A Nodejs module facilitating querying Elasticsearch clusters.
- disclaimer
- installation
- usage
After experiencing a lot of issues due to the way Elasticsearch handles the queries, I decided to create this helper currently used on production level that had helped us to drastically improve the readability and flexibility of our code.
With this helper you will be able to query your Elasticsearch clusters very easily. Everything is chainable and the query always returns a promise.
Even if we use this on production level, we still find bugs and add improvements to the module codebase. Feel free to fork it and modify it for your own needs.
npm install --save elasticsearch-helper
const ES = require("elasticsearch-helper")
// Will create a default client
ES.addClient("127.0.0.1:9200");
// Will create a client with name "client1"

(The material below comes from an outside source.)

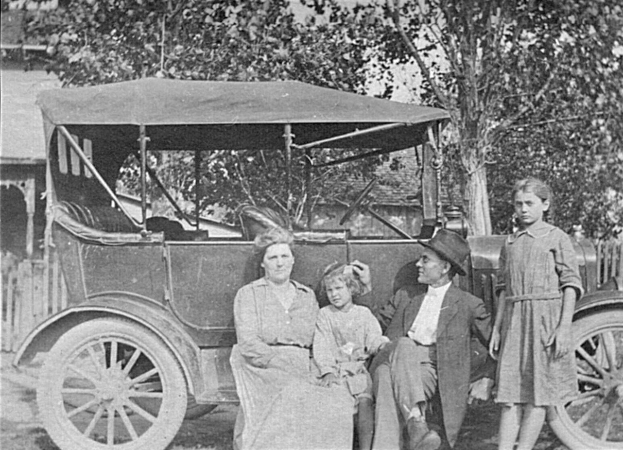 Car in the background indicates the photo is from the 50s.

ES.addClient("client1","127.0.0.1:9200");
// Will create a client with name "client1" and will be used as default
ES.addClient("client1","127.0.0.1:9200",true);
// Alias:
ES.AddClient(...)
NOTE: If host is added without http or https it will assume it is http
// Return an array of all indexes in a cluster
ES.indexes("[Client name]")
The client is chainable which means that you can call functions one after the other until you execute the query. The query is then returning a promise.
Initialise a query:
// Querying on index "Index1"
ES.query("Index1");
// Querying on all indexes starting with "Index"
ES.query("Index*");
// Querying on index "Index1"
ES.query("Index1");
// Querying on index "Index1" using the client "Client1"
ES.query("Index1").use("Client1")
A method can be created to handle errors (like logging or formatting), This error method is part of a Promise and should return something if it needs to keep processing.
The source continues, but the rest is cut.